WORK ORDER: The listing below should be printed again word for word, without any images.

INFORMATION PROVIDED:
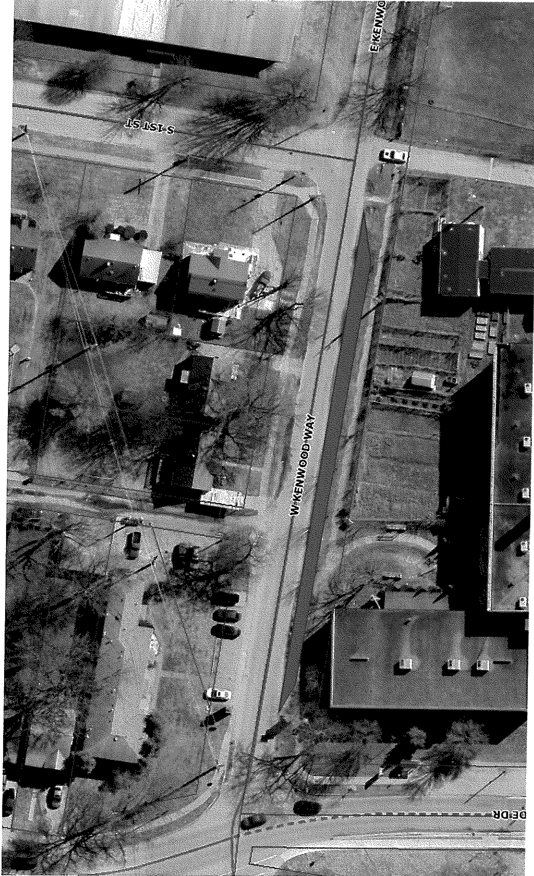
Pave and formalize the on-street parking along W Kenwood Way, about 7' parking lane width, estimated construction ~$30,000
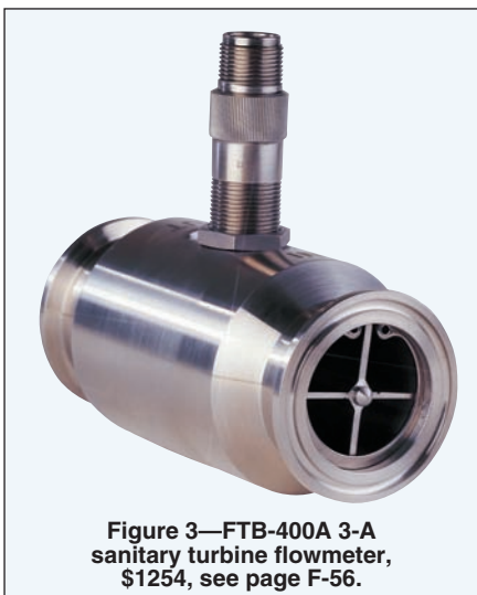
Figure 3—FTB-400A 3-A sanitary turbine flowmeter, $1254, see page F-56.

Sanitary turbine flowmeters, such as the unit shown in Figure 3, are used in processing liquids and beverages. They are also found in applications requiring pasteurization and can be used for thicker materials such as ketchup and chocolate. Units are available in sizes ranging from ¼ to 3" in diameter. This type of sensor covers flow ranges from a fraction of

RESULT OF THE EXERCISE:
Pave and formalize the on-street parking along W Kenwood Way, about 7' parking lane width, estimated construction ~$30,000
Figure 3—FTB-400A 3-A sanitary turbine flowmeter, $1254, see page F-56.

Sanitary turbine flowmeters, such as the unit shown in Figure 3, are used in processing liquids and beverages. They are also found in applications requiring pasteurization and can be used for thicker materials such as ketchup and chocolate. Units are available in sizes ranging from ¼ to 3" in diameter. This type of sensor covers flow ranges from a fraction of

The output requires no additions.